> [PROMPT]:
Each record that follows goes into your reply unchanged; the pictures do not.

== RECORD SET

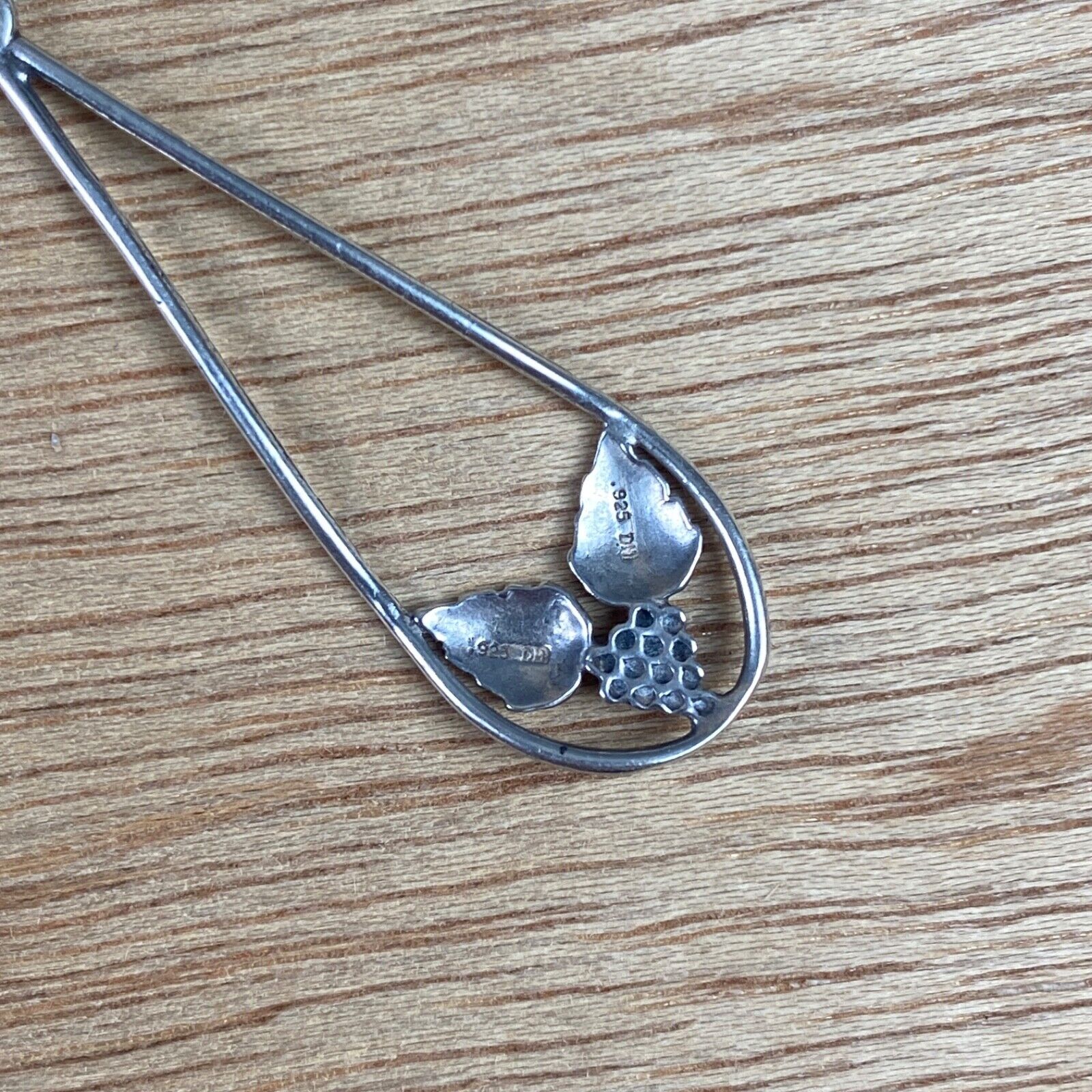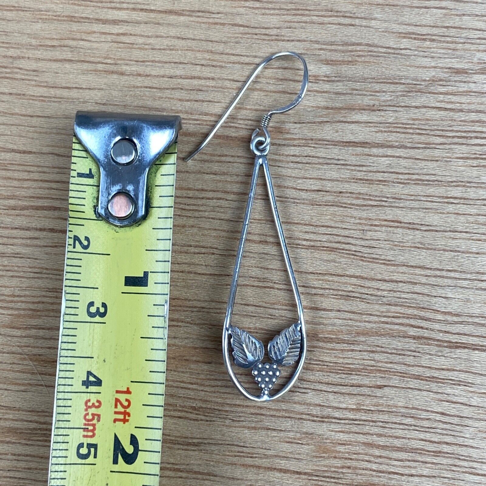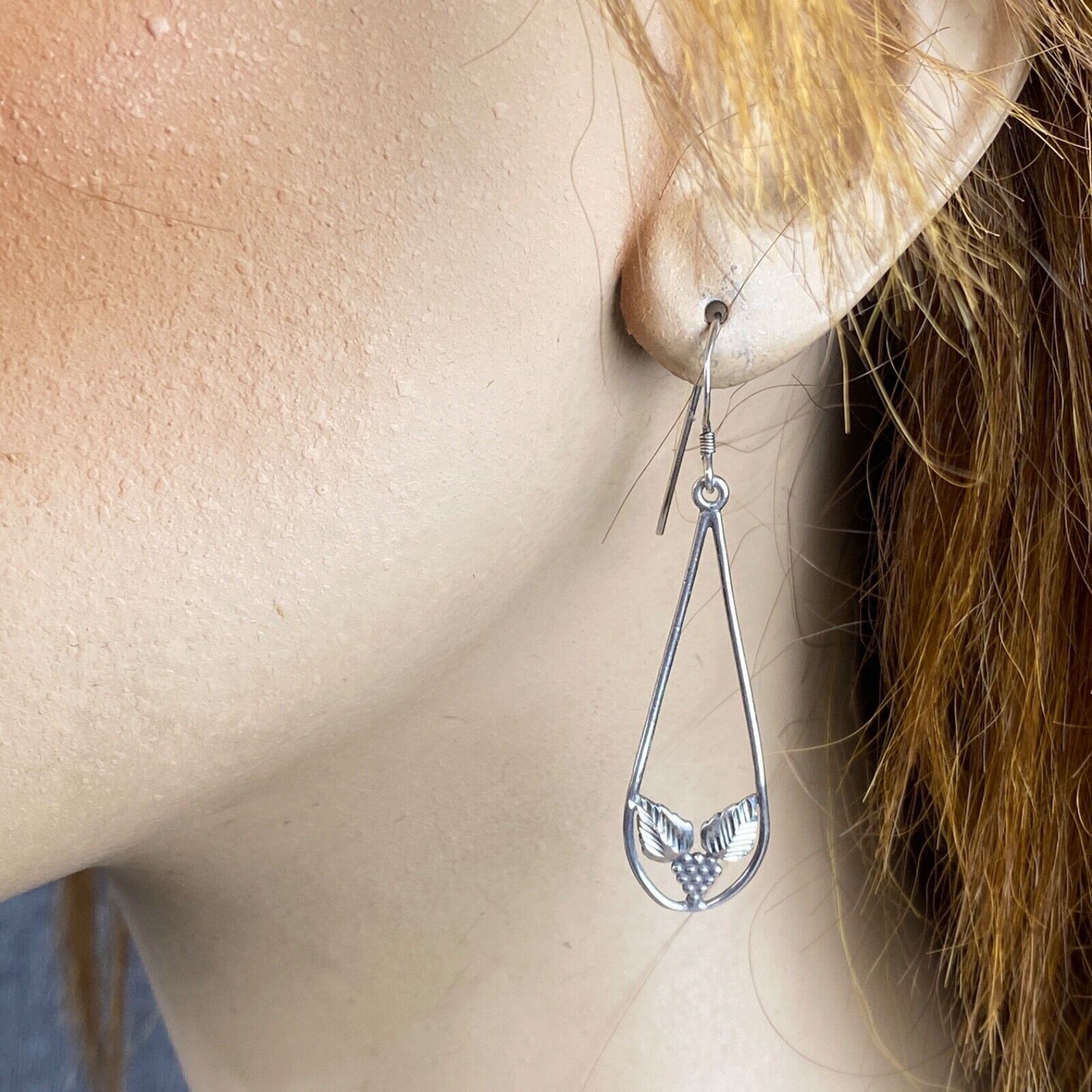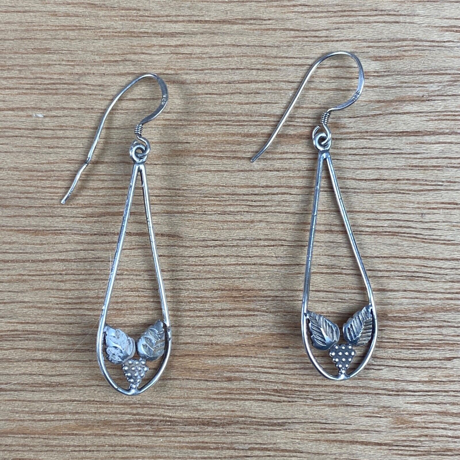 Vintage Silver Drop Dangle Earrings with Leaves and Grapes
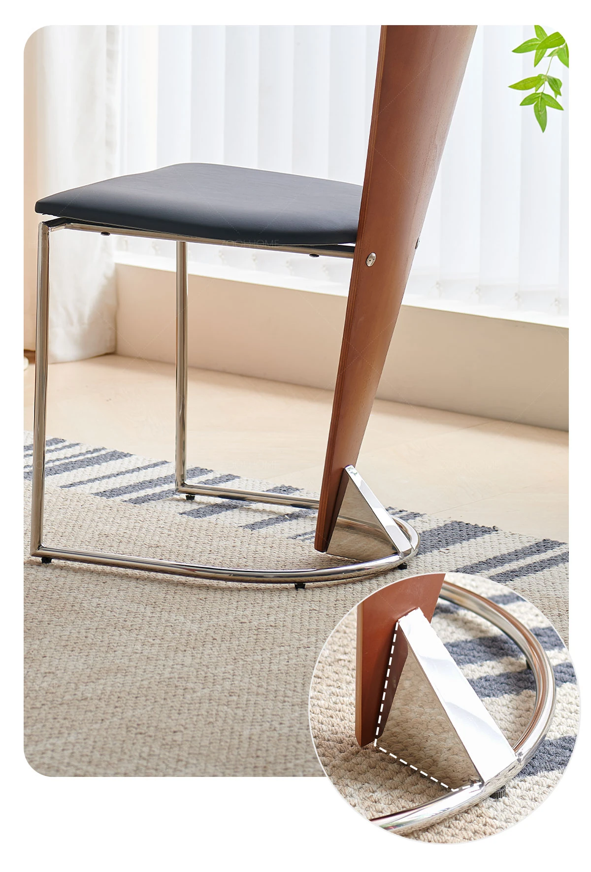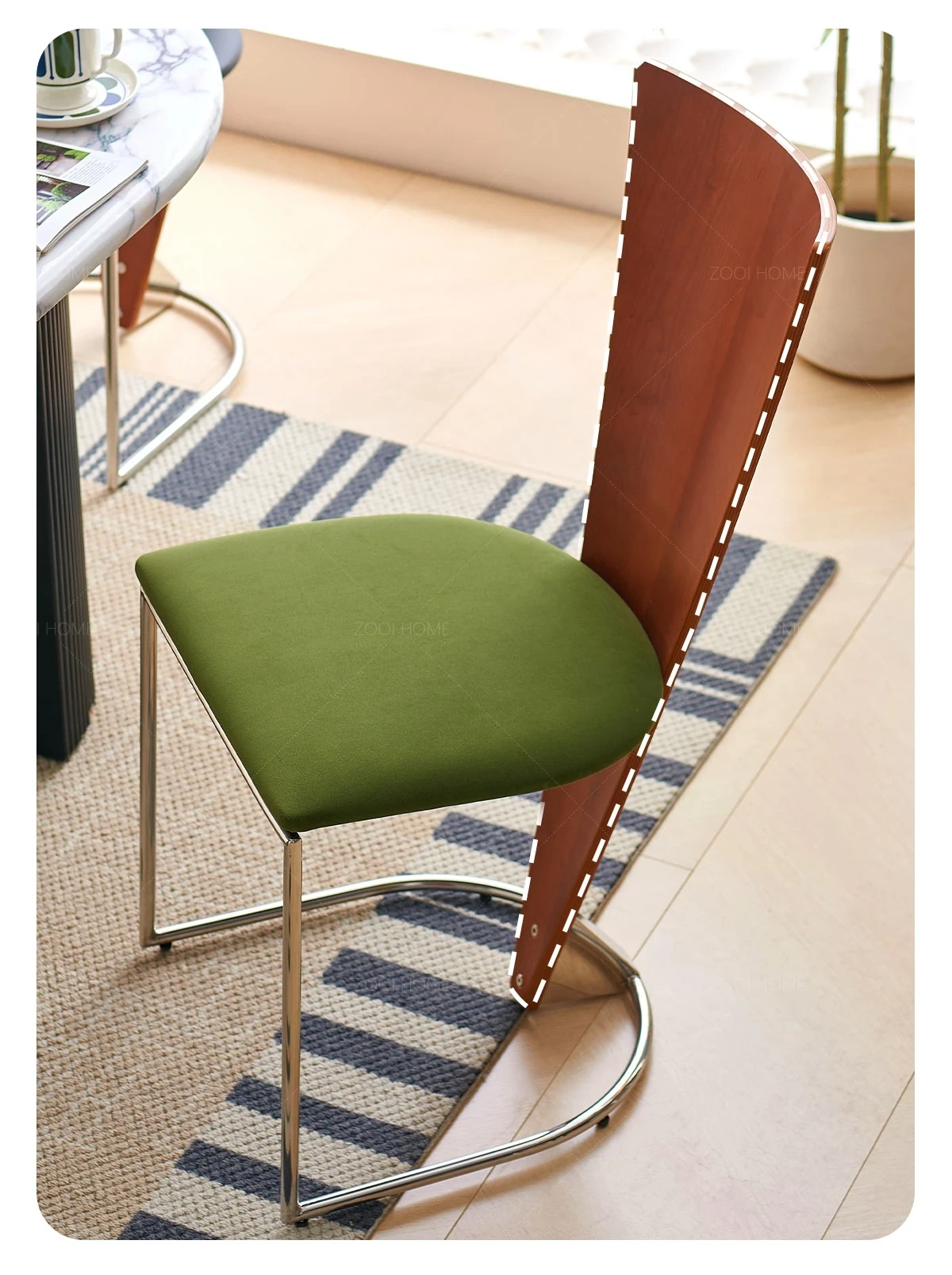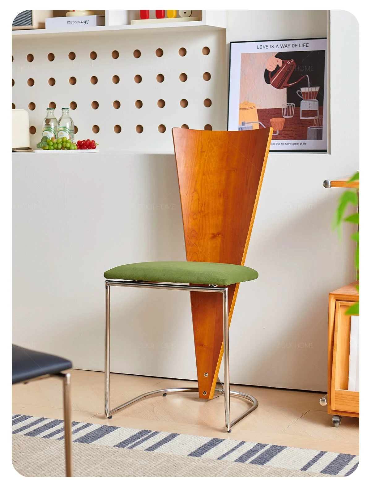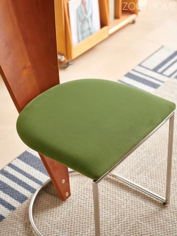ZOOI HOMEヴィンテージ風デザインの無垢材ダイニングチェア - 家庭用クリエイティブステンレススチール製、スタイリッシュな食卓椅子でおしゃれな空間を演出!
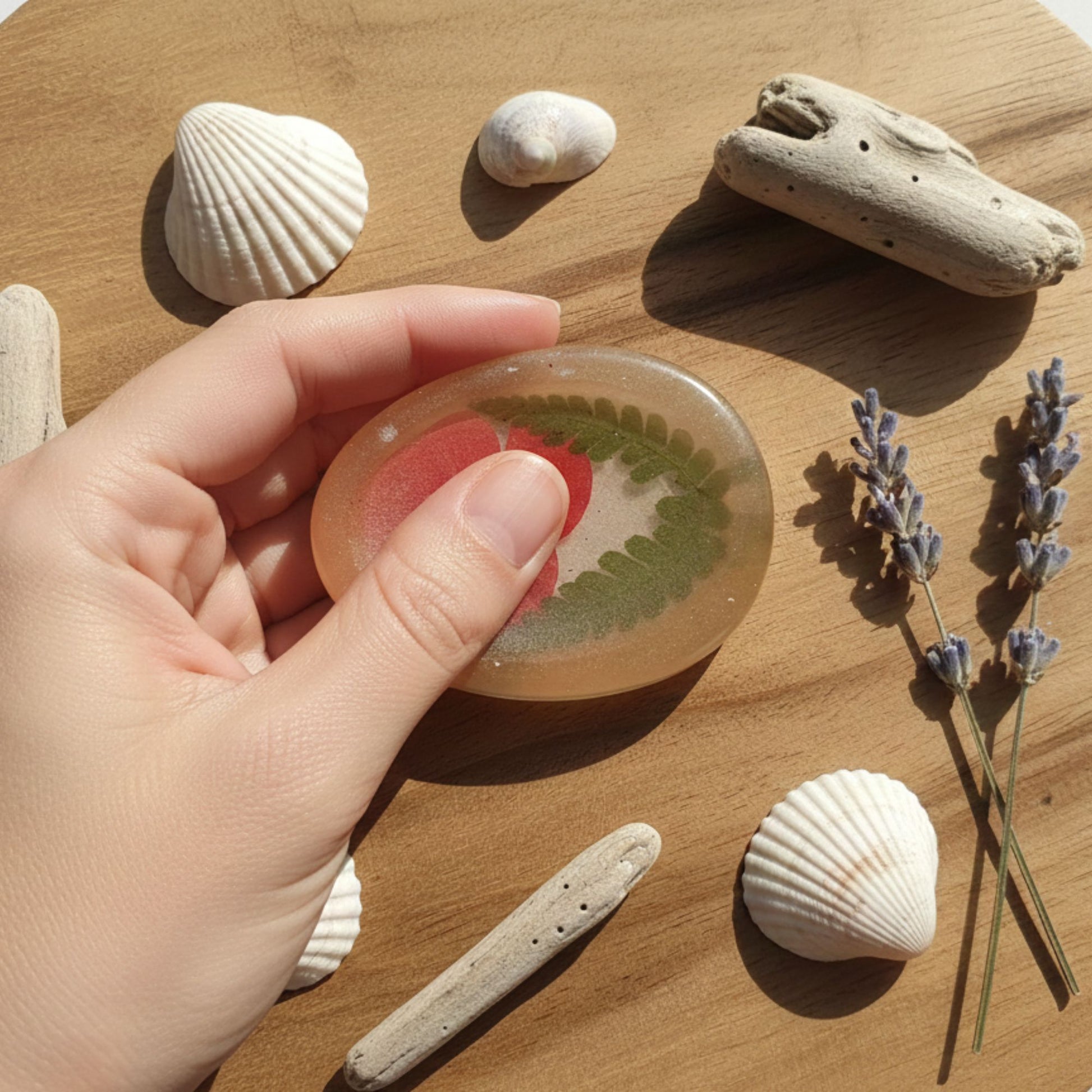 FABRICATION ARTISANALE FRANÇAISE Chaque pièce est une création unique. Je réalise chaque étape à la main dans mon atelier : de la préparation de la résine et des pigments, à l'inclusion méticuleuse des éléments (fleurs, sable, etc.), jusqu'à la finition polie. Cette attention aux détails garantit que votre galet de sérénité est absolument unique.
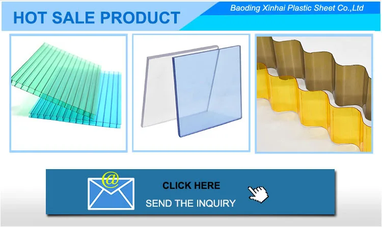 Baoding Xinhai Plastic Sheet Factory,As an Iso 9001:2008 certificated enterprise, specialized in develop and sales of hollow polycarbonate sheet,solid polycarbonate sheet and corrugated polycarbonate sheet and related pc accessories.After years development,XINHAI has established mature sales and agency network.Xinhai PC sheet runs in more than 100 countries including USA,UK,Brazil,Chile,Mexico,Panama,
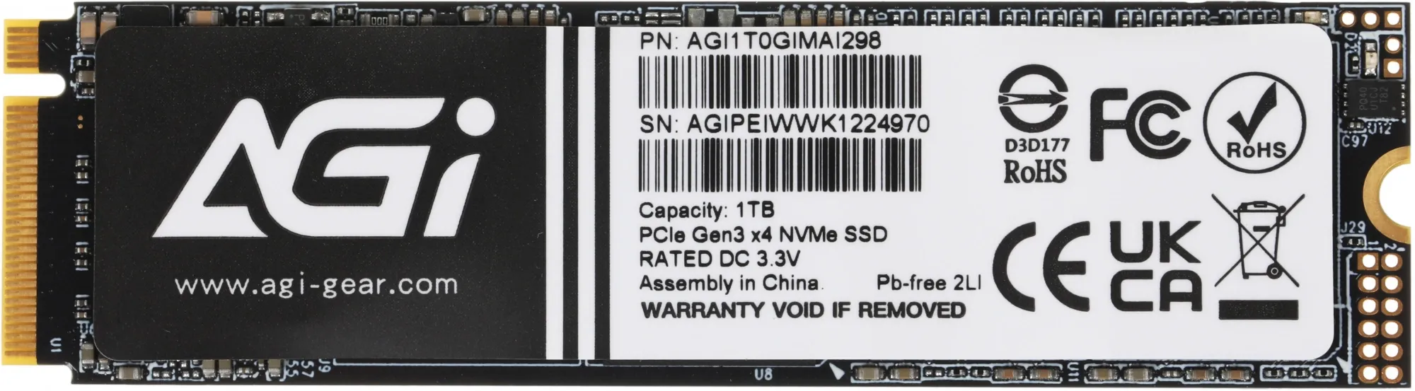 Накопитель SSD AGi PCIe 3.0 x4 1TB AGI1T0GIMAI298-CB AI298 M.2 2280

====

> [RESULT OF THE TASK]:
 Vintage Silver Drop Dangle Earrings with Leaves and Grapes
ZOOI HOMEヴィンテージ風デザインの無垢材ダイニングチェア - 家庭用クリエイティブステンレススチール製、スタイリッシュな食卓椅子でおしゃれな空間を演出!
 FABRICATION ARTISANALE FRANÇAISE Chaque pièce est une création unique. Je réalise chaque étape à la main dans mon atelier : de la préparation de la résine et des pigments, à l'inclusion méticuleuse des éléments (fleurs, sable, etc.), jusqu'à la finition polie. Cette attention aux détails garantit que votre galet de sérénité est absolument unique.
 Baoding Xinhai Plastic Sheet Factory,As an Iso 9001:2008 certificated enterprise, specialized in develop and sales of hollow polycarbonate sheet,solid polycarbonate sheet and corrugated polycarbonate sheet and related pc accessories.After years development,XINHAI has established mature sales and agency network.Xinhai PC sheet runs in more than 100 countries including USA,UK,Brazil,Chile,Mexico,Panama,
 Накопитель SSD AGi PCIe 3.0 x4 1TB AGI1T0GIMAI298-CB AI298 M.2 2280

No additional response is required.